Cuba–Pakistan relations
- Pakistan: Cuba

= Cuba–Pakistan relations =

Cuba–Pakistan relations refers to the bilateral relations between Cuba and Pakistan. Cuba has an embassy in Islamabad and Pakistan has an embassy in Havana. Relations between the countries strengthened after Cuba provided humanitarian assistance to the victims of the 2005 Kashmir earthquake.

==Background==
Diplomatic relations between the two countries were initially established on October 28, 1955. In 1963, Pakistan established an embassy in Cuba, with Cuba reciprocating. However, the embassy was closed in 1968 and reopened in 1980. But it was again closed in 1990 due to economic problems. From that time until 2005, the countries did not have any formal relations. It was only after the 2005 Kashmir earthquake when Cuba sent humanitarian aid to the disaster victims that the opportunities were observed to re-established the diplomatic ties. Continued diplomatic relations between the two countries is quite recent. In 2006, both Cuba and Pakistan showed willingness to strengthen bilateral relations between the two countries. President of Pakistan Pervez Musharraf and Deputy Foreign Minister of Cuba Bruno Rodríguez Parrilla held a meeting on May 24, 2006, to discuss bilateral matters. During the meeting major general Farrukhseir deputy surgeon general Pakistan Army was also present. On November 1, 2006, Cuban ambassador to Pakistan Gustavo Machin Gomez announced in a press conference that Cuba and Pakistan have had diplomatic relations for last six months and that both the nations "want to improve these relations in all fields". In April 2008, the Federal Cabinet of Pakistan approved negotiations on the agreement between Havana and Islamabad to form Pakistan-Cuba Joint Economic Commission with the goal to expand economic cooperation between the two nations. The bilateral talks were also intended to enhance cooperation in the fields of agriculture, industry, food, higher education and science and technology.

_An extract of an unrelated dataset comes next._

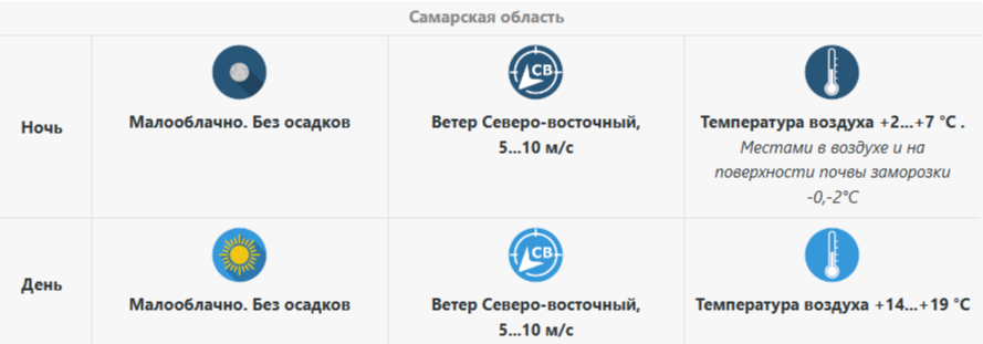 По данным Приволжского УГМС, днём будет относительно тепло и комфортно: воздух прогреется до +14…+19 °C. Небо будет малооблачным, без дождей. Однако ночью температура резко опустится до +2…+7 °C, а местами, особенно в низинах и на поверхности почвы, возможны заморозки до -0…-2 °C.
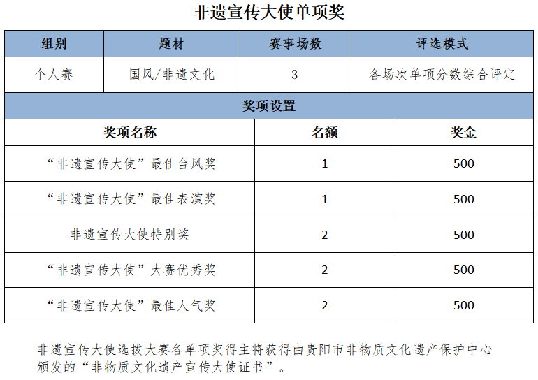 2.1. 首届“非遗宣传大使选拔大赛”奖项设置

==Cuban response to the Kashmir earthquake==
After the 2005 Kashmir earthquake, Cuba sent over 2,400 physicians and paramedical staff and established 32 field hospitals and two relief camps in the North-West Frontier Province (NWFP) and Azad Jammu and Kashmir. A total of 36 transport flights were made. In addition to nurses, paramedics and doctors the initial two flights were only of military trained physicians. Tons of medical equipment and medicines were sent by the government of Cuba. Approximately 30 amputee patients were flown to Cuba for treatments. Pakistani president Pervez Musharraf expressed his contentment at the efforts of Fidel Castro and appreciated the services of the Cuban medical teams. From October, 2005 to January 24, 2006, Cuban medical teams performed 601,369 consultations, 5,925 surgeries including 2,819 major surgeries and served at 44 different locations in the quake-affected region.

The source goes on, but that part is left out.